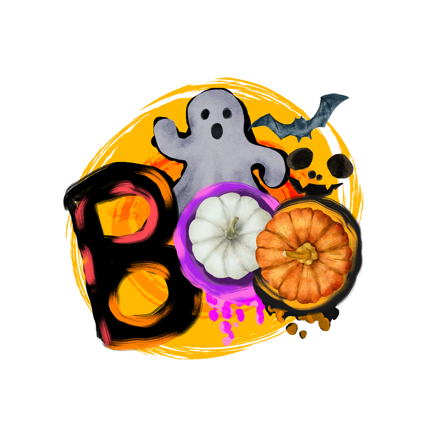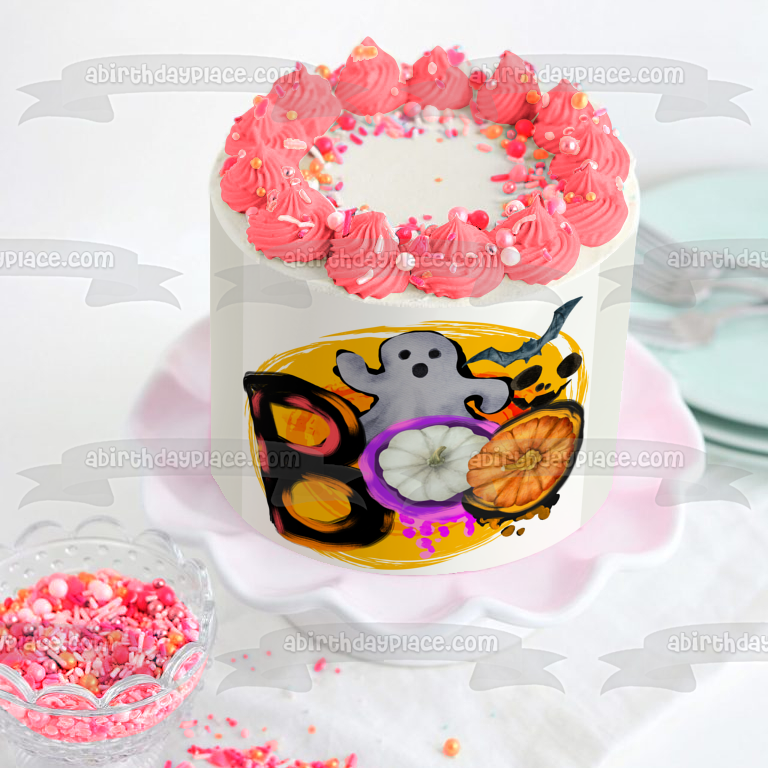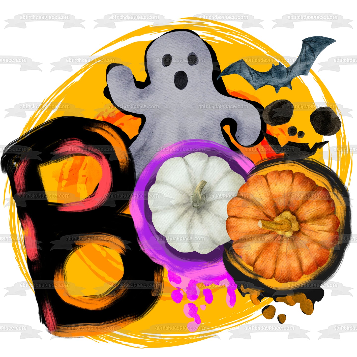 Boo Halloween Ghost Pumpkins and Bats Edible Cake Topper Image ABPID56572
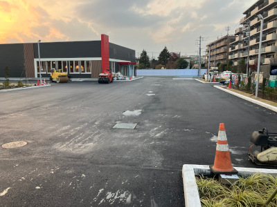 本日の画像は、駐車場にあたる店舗周りの舗装が完了した状態です。
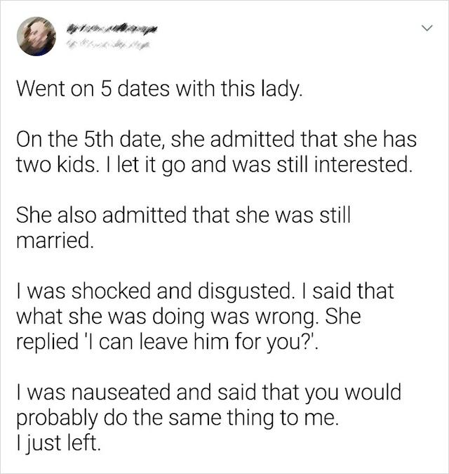 After five dates with a woman, things seemed to be going well—until she made a shocking confession: she was still married and had two kids. As if that weren’t enough, she casually asked him, “I can leave him for you?” This moment of honesty was nothing short of unsettling. The man couldn’t fathom the idea of being involved with someone who was already in a marriage. When he pointed out that what she was doing was wrong, she seemed nonchalant, suggesting that she would leave her husband without a second thought. Her lack of remorse was alarming, and he left, nauseated by the situation. It was a stark reminder of how some people are willing to deceive, regardless of the consequences.
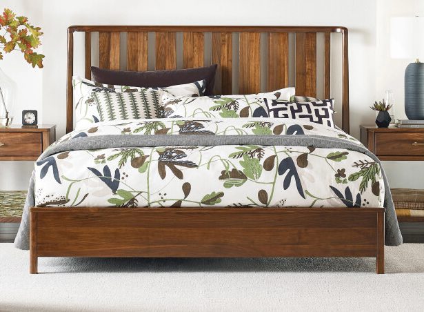 Product Description: Kincaid Furniture 315-304P 5/0 Ashburn Slat Bed Package - The Ashburn walnut bed is among the most unique pieces in the Monogram Walnut collection. The beauty of this bed is best seen in confluence of subtle details and shapes that set it apart. The centerpiece of those details is the inward beveled solid walnut slats that create dimension and reflection. This allows light to interact with the natural grain of the walnut. A simple but carefully shaped frame creates the structure of the headboard, supporting the slats with a shelter bed. Each element is simple and at the same time intricate as they accentuate the the character of the walnut.
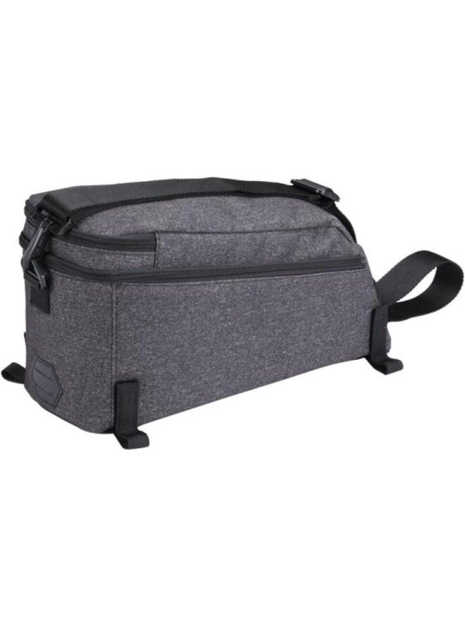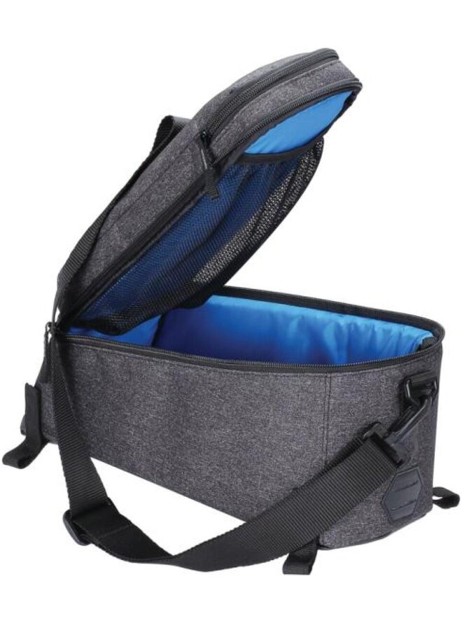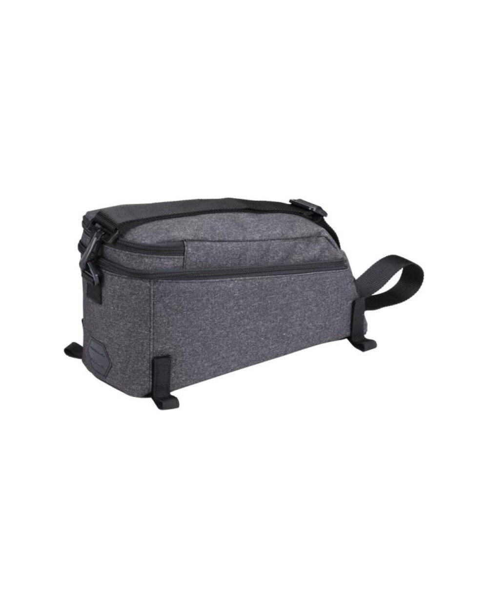 Duży schowek z wewnętrzną wyściółką z pianki ochronnej Tylna pętla na tylną lampkę LED 4 paski na rzepy mocujące torbę do bagażnika, zapobiegające przesuwaniu się kieszeni do przodu lub na boki Regulowany i odpinany pasek na ramię Kompatybilna z pokrowcem RainCover (BSB-97) jako ochrona przed deszczem i brudem Materiał kieszeni: nylon System zamykania: zamek błyskawiczny Typ zapięcia: rzep Łatwy montaż/demontaż Pojemność w cm3: 11500 Wymiary wys. x szer. x gł.: 160 x 160 x 360 mm Kolor: szary melanżSzczegóły
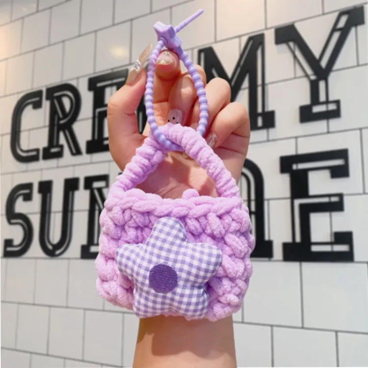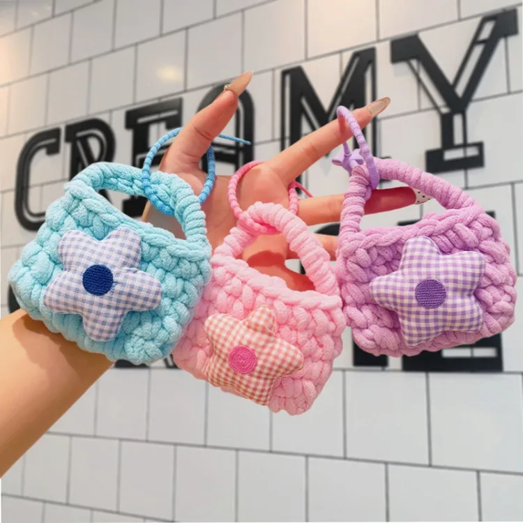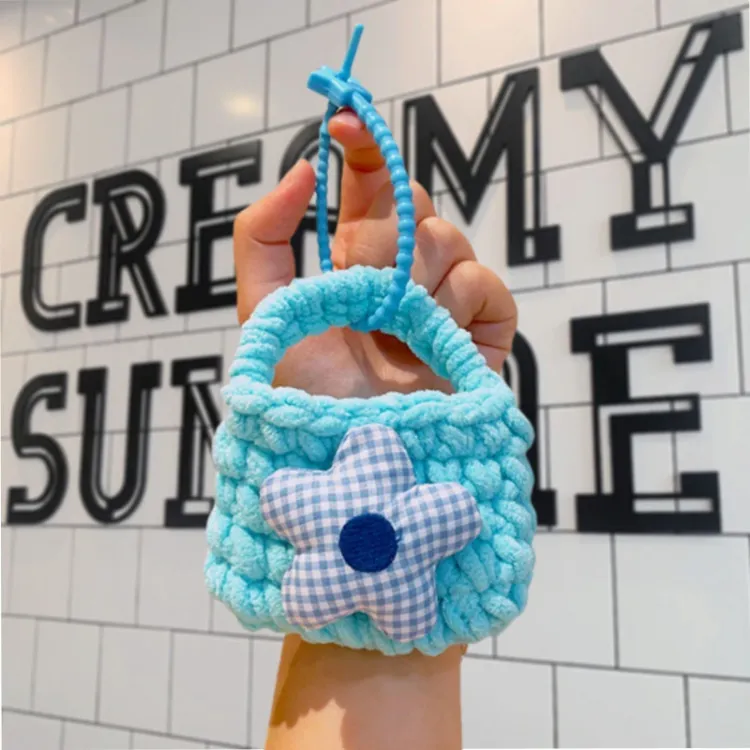 Цветочный трикотажный тканый кошелек для монет с украшением - синий + случайный, упаковка 1 шт
_ _ _
Output exactly the lines from the one containing "Duży schowek z" through the last line of the records above, both included, and leave out the pictures.

 Duży schowek z wewnętrzną wyściółką z pianki ochronnej Tylna pętla na tylną lampkę LED 4 paski na rzepy mocujące torbę do bagażnika, zapobiegające przesuwaniu się kieszeni do przodu lub na boki Regulowany i odpinany pasek na ramię Kompatybilna z pokrowcem RainCover (BSB-97) jako ochrona przed deszczem i brudem Materiał kieszeni: nylon System zamykania: zamek błyskawiczny Typ zapięcia: rzep Łatwy montaż/demontaż Pojemność w cm3: 11500 Wymiary wys. x szer. x gł.: 160 x 160 x 360 mm Kolor: szary melanżSzczegóły
 Цветочный трикотажный тканый кошелек для монет с украшением - синий + случайный, упаковка 1 шт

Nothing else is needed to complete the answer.